EXERCISE PROMPT:
Please copy the data below exactly, from its first line through the line holding "Divné a špatně", and skip the pictures.
*** Opening MATERIAL FOR THIS EXERCISE ***
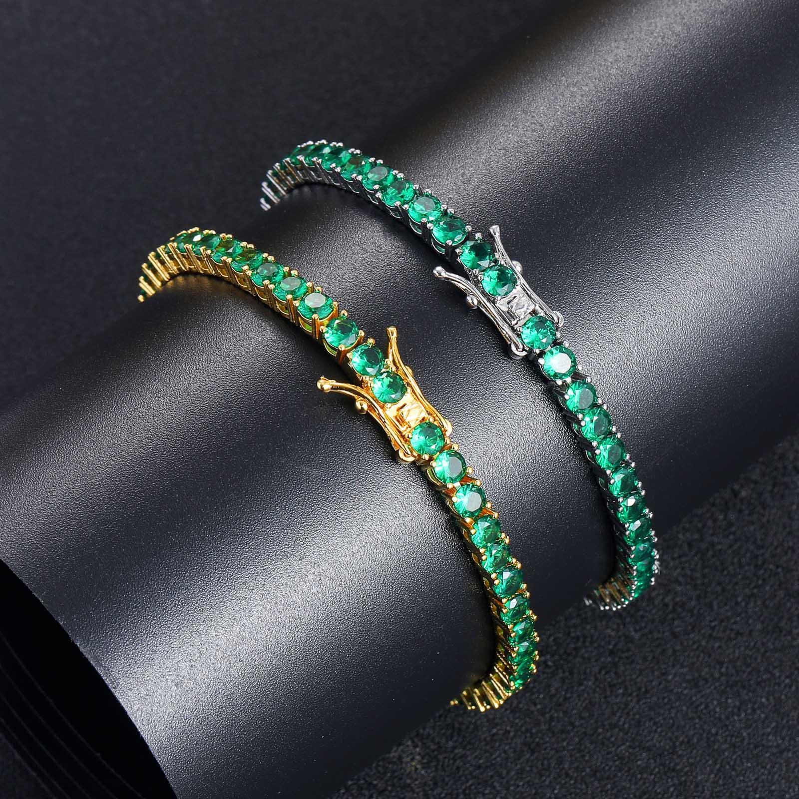 Nombre del Artículo/Producto: Cadena de Tenis Hip Hop de Zircón Verde de 4 mm
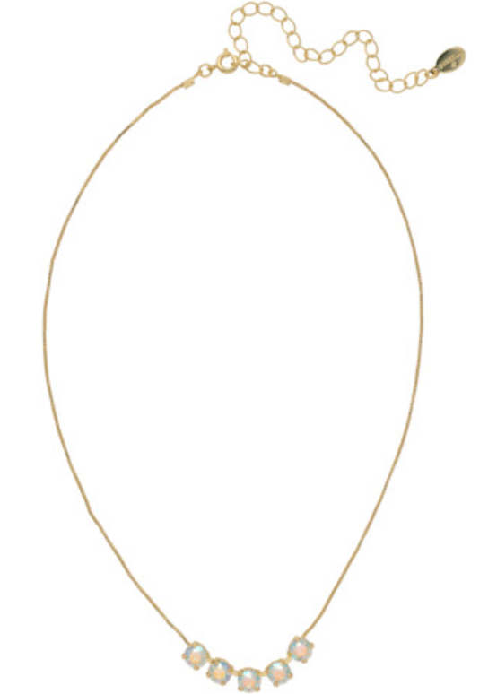 The Shaughna Tennis Necklace features five crystals on a delicate adjustable chain
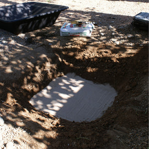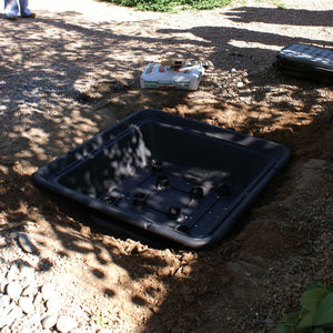 Please flip through the photos to see this kit going into the ground, step-by-step. Step one shows the hole with play sand from the local hardware store for leveling.
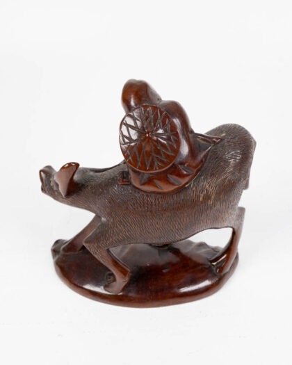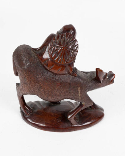 This is a pair of vintage, possibly antique, hand carved wooden figures featuring a man riding an ox. The figures are skillfully carved with fine details, showcasing the craftsmanship of the artisan. Each figure stands on an oval, leaf-like base. The wood has a rich, dark brown tone and a warm patina, indicating age and careful handling. The figures are display ready and would make an interesting addition to any shelf, mantle, or display cabinet.
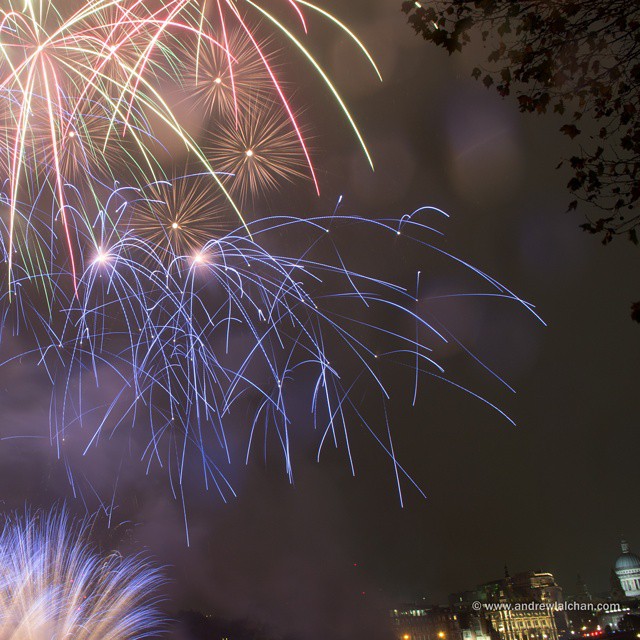 Lovely fireworks despite the heavy rain on the Thames (at Blackfriars Bridge)
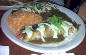 All of the enchilada entrees come with beans and rice and a special sauce to go with the food. With two full enchiladas along with rice and beans, the platter easily satisfies anyone.
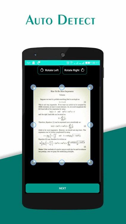 * Der intelligente Erkennungsalgorithmus erkennt automatisch die Ränder des Dokuments innerhalb des Fotos, sodass Sie unnötigen Hintergrund entfernen können. Es konvertiert das Dokument aus Bildern in eine rechteckige Form.
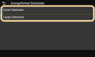 Wählen Sie <Kurzer Dateiname> oder <Langer Dateiname>
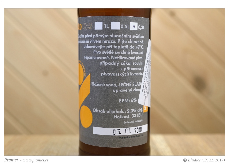 Divné a špatně pitelné pivo.Minimální trvanlivost: 3. ledna 2018
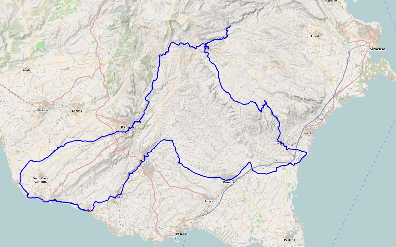 Dopo squisita colazione, una stradina in gradevole discesa conduce alla vecchia stazione ferroviaria e alla preziosa ciclabile ricavata sulla dismessa linea Siracusa – Ragusa, raggiunta la quale prendiamo a sinistra, verso ovest. Presto una strada secondaria asfaltata, ricavata sul sedime ferroviario, ci conduce a Giarratana. Da qui, per una SS 194 povera di automobili, scavalchiamo il lago di Santa Rosalia e in compagnia del fiume Irminio raggiungiamo Ibla, quartiere gioiello del capoluogo ibleo. Facile ora puntare verso Modica, Scicli e Marina di Ragusa; tuttavia, se il tempo a disposizione lo consente, converrà invece dirigerci verso il Castello di Donnafugata. Dal quale dopo una discesa fra i carrubi del tipico paesaggio ibleo, si perverrà al borgo marinaro di Puntasecca, reso famoso per la “Casa di Montalbano”, per poi raggiungere Marina di Ragusa pedalando sulla nuova ciclabile che costeggia il mare. Le stazioni ferroviarie sono quelle della “Ferrovia del Barocco”, ovvero Scicli, Modica, Rosolini, Ispica, Noto, Ragusa Ibla, con recapito finale a Siracusa, stazione connessa con Catania e da qui per il continente. Si può partire anche da Noto.
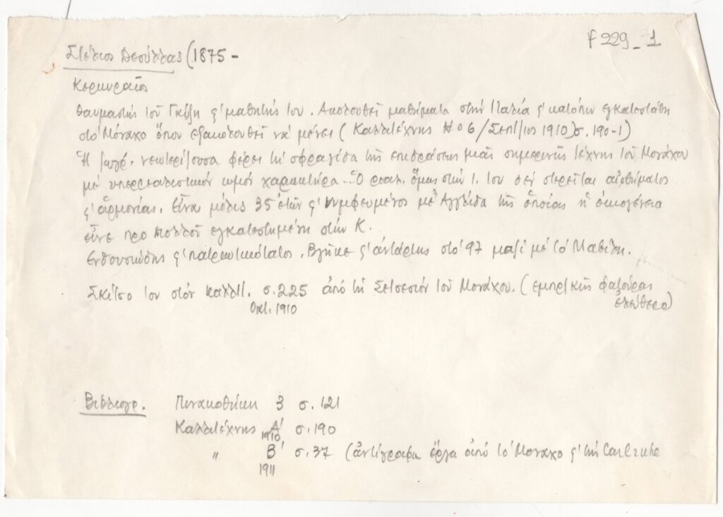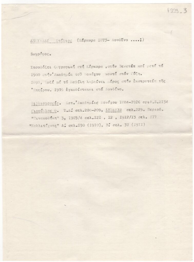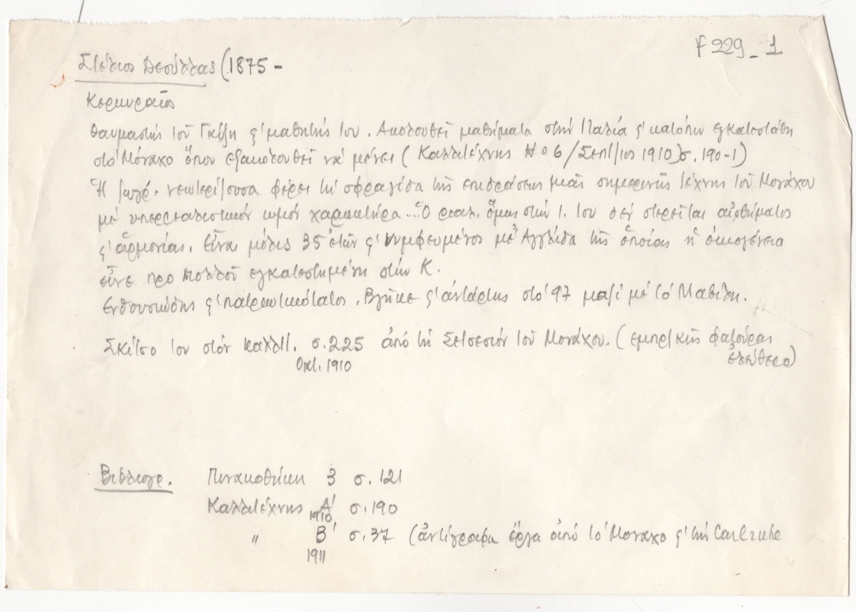 Κείμενο, χειρόγραφο, με μολύβι, σε απόκομμα χαρτιού, 14,5×21,2 εκ., στα ελληνικά. Περιέχει στοιχεία για τις σπουδές της, κριτική για το έργο του και βιβλιογραφία.
*** Closing MATERIAL FOR THIS EXERCISE ***
RESPONSE BELOW:
 Nombre del Artículo/Producto: Cadena de Tenis Hip Hop de Zircón Verde de 4 mm
 The Shaughna Tennis Necklace features five crystals on a delicate adjustable chain
 Please flip through the photos to see this kit going into the ground, step-by-step. Step one shows the hole with play sand from the local hardware store for leveling.
 This is a pair of vintage, possibly antique, hand carved wooden figures featuring a man riding an ox. The figures are skillfully carved with fine details, showcasing the craftsmanship of the artisan. Each figure stands on an oval, leaf-like base. The wood has a rich, dark brown tone and a warm patina, indicating age and careful handling. The figures are display ready and would make an interesting addition to any shelf, mantle, or display cabinet.
 Lovely fireworks despite the heavy rain on the Thames (at Blackfriars Bridge)
 All of the enchilada entrees come with beans and rice and a special sauce to go with the food. With two full enchiladas along with rice and beans, the platter easily satisfies anyone.
 * Der intelligente Erkennungsalgorithmus erkennt automatisch die Ränder des Dokuments innerhalb des Fotos, sodass Sie unnötigen Hintergrund entfernen können. Es konvertiert das Dokument aus Bildern in eine rechteckige Form.
 Wählen Sie <Kurzer Dateiname> oder <Langer Dateiname>
 Divné a špatně pitelné pivo.Minimální trvanlivost: 3. ledna 2018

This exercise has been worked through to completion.